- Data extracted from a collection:
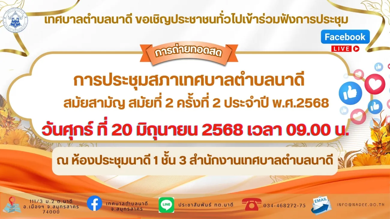 เทศบาลตำบลนาดี ขอเชิญประชาชนทั่วไปเข้าร่วมฟังการประชุมสภาฯ (ไลฟ์สด ผ่าน facebook live) ประชุมสภาเทศบาลตำบลนาดี สมัยสามัญ สมัยที่ 2 ครั้งที่ 2 ประจำปี พ.ศ.2568 วันศุกร์ ที่ 20 มิถุนายน 2568 เวลา 09.00 น. ณ ห้องประชุมนาดี 1 ชั้น 3 สำนักงานเทศบาลตำบลนาดี
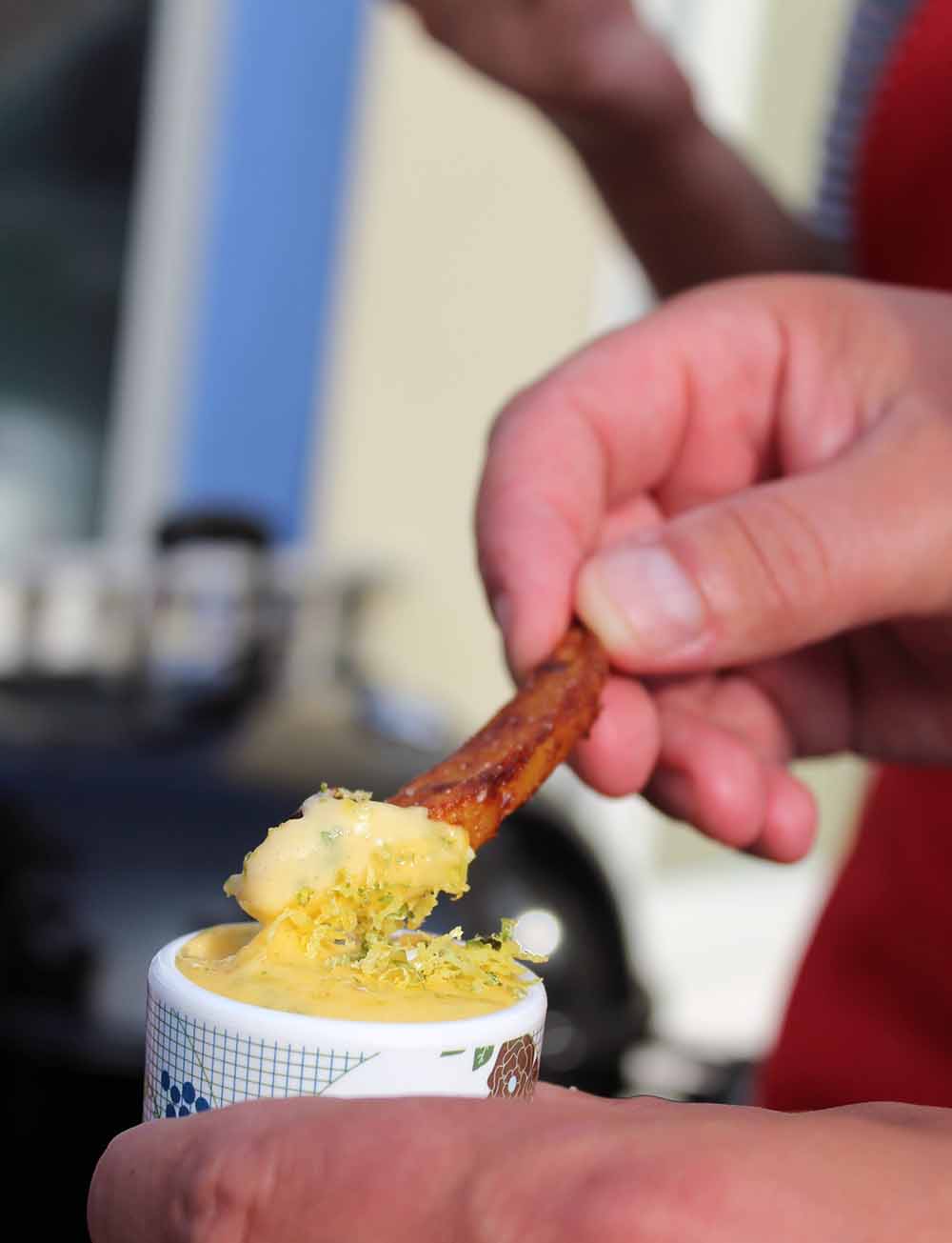 daher auch nicht fehlen. Die selbstgemachte Mayonnaise hat ja mit der Gekauften wirklich sehr wenig zu tun und verfeinert mit Koriander und Zitrone ergibt sich eine schöne Überleitung zur kolonialen, holländischen Vergangenheit.
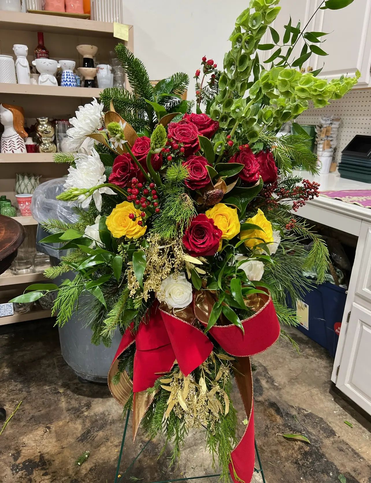 This tall, festive spray features a rich palette of deep red and bright yellow blooms set against a backdrop of crisp white flowers. It is lushly framed by seasonal evergreens and unique green bells, finished with a classic velvet ribbon and shimmering gold accents.
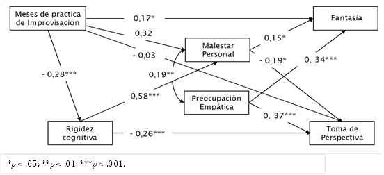 The study concludes that improvisation practice time contributes directly to fantasy variability and indirectly to perspective taking and personal distress, mediated by cognitive rigidity. Furthermore, it is concluded that the affect-to-cognition model of empathy is applicable to the Latin American context and the relationships of affective factors and fantasy may be associated with emotion management. Additionally, it is specified that the practice of theatrical improvisation can be a tool that increases the effectiveness of interventions aimed at increasing empathy, if it is complemented with strategies to manage emotions and uncertainty.
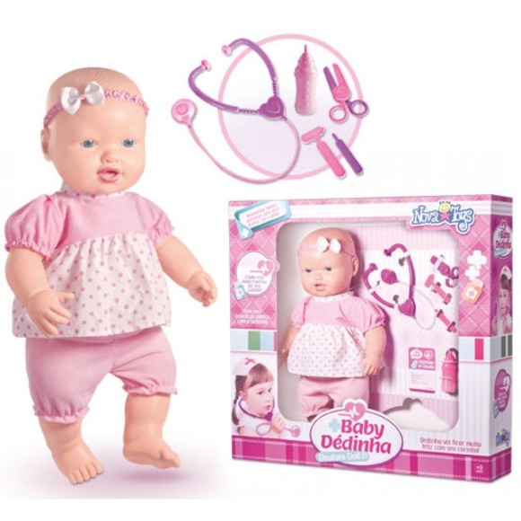 A imaginação das crianças é infinita e como a Boneca Baby Dedinha precisa de cuidados ela vai adorar ser a médica para cuidar da boneca doente. Acompanha muitos acessórios para a criança cuidar do bebê como se fosse de verdade. Braços e pernas articuláveis fazendo com que a boneca pareça muito mais real. A boneca tem aproximadamente 62 cm de altura. Dedinha vai ficar muito feliz com o seu carinho.

- Brief: Pictures aside, print exactly the lines above starting with the one containing "daher auch nicht" and going on through the one containing "This tall, festive".

- Response to the exercise:
 daher auch nicht fehlen. Die selbstgemachte Mayonnaise hat ja mit der Gekauften wirklich sehr wenig zu tun und verfeinert mit Koriander und Zitrone ergibt sich eine schöne Überleitung zur kolonialen, holländischen Vergangenheit.
 This tall, festive spray features a rich palette of deep red and bright yellow blooms set against a backdrop of crisp white flowers. It is lushly framed by seasonal evergreens and unique green bells, finished with a classic velvet ribbon and shimmering gold accents.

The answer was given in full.